Stockage en cuve étanche pendant plusieurs semaines.

Le bio-tank

Cette dénomination recouvre un mode de stockage qui associe une cuve de stockage des biodéchets, à des réseaux de canalisation permettant d’assurer le transfert automatique des biodéchets des points de collecte vers la cuve dans un circuit étanche. Lorsque les collecteurs sont positionnés directement aux postes de travail, ce transfert automatique permet d’éliminer les contenants intermédiaires et les opérations manuelles afférentes (manipulation, nettoyage-désinfection), tout en apportant confort de travail et garantie d’hygiène. Plusieurs technologies peuvent être utilisées pour effectuer ce transfert :

  • par aspiration sous vide d’air ;
  • par poussée d’air ;
  • par voie humide (dans ce dernier cas, on sera particulièrement vigilant aux consommations d’eau engendrées par le système).

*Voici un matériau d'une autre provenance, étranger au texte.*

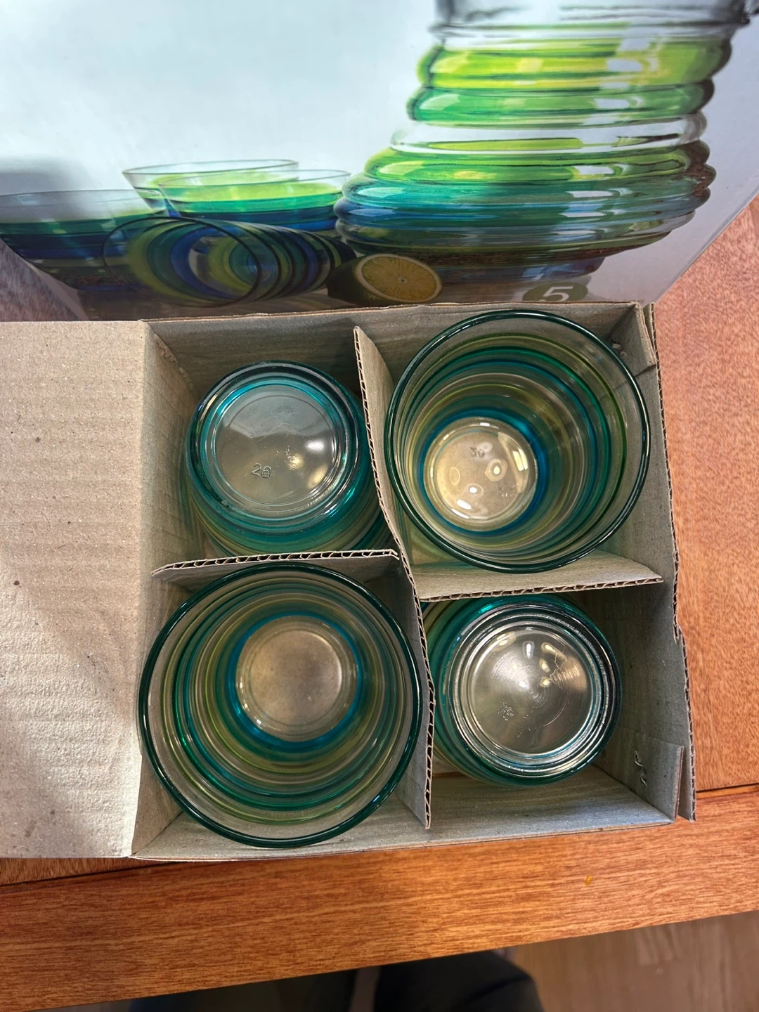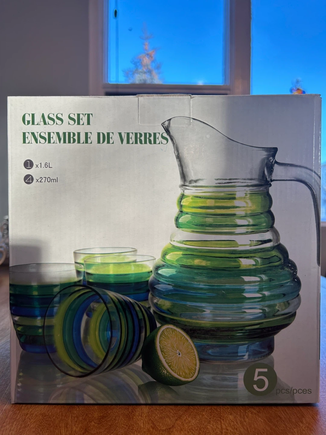 Selling a glass set that includes one pitcher and four glasses. It comes in its original box! Never been used! Selling for $25 best offer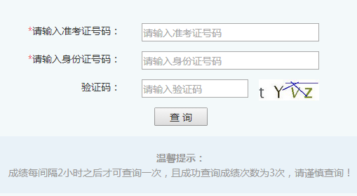 成绩每间隔2小时之后才可查询一次,且成功查询成绩次数为3次,请谨慎查询!
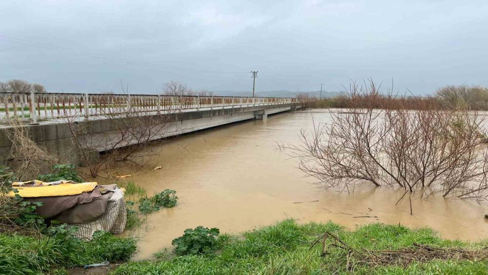 Büyük Menderes nehrindeki taşkın karayolunu kapattı

Ces systèmes utilisent des broyeurs permettant d’obtenir une « soupe » d’un volume 30 à 40 % inférieur au volume initial des biodéchets. Un camion-citerne vient ensuite périodiquement collecter « la soupe », en vue de sa valorisation : les collectes peuvent être espacées de plusieurs semaines, voire davantage.

À RETENIR
  • diminution des volumes de biodéchets de 30 à 40 % ;
  • système étanche avec stockage en cuve dans un local banalisé sur une longue durée ;
  • collectes pouvant être espacées de plusieurs semaines, voire davantage ;
  • transparence des coûts : concordance entre le tonnage collecté et celui facturé par le prestataire ;
  • suppression des contenants intermédiaires, de leur manipulation et des opérations de nettoyage-désinfection ;
  • attention aux différentes technologies employées selon les fabricants ayant des incidences sur :
    • les consommations d’eau,
    • la capacité à accepter tout type de biodéchet selon le type de broyeur.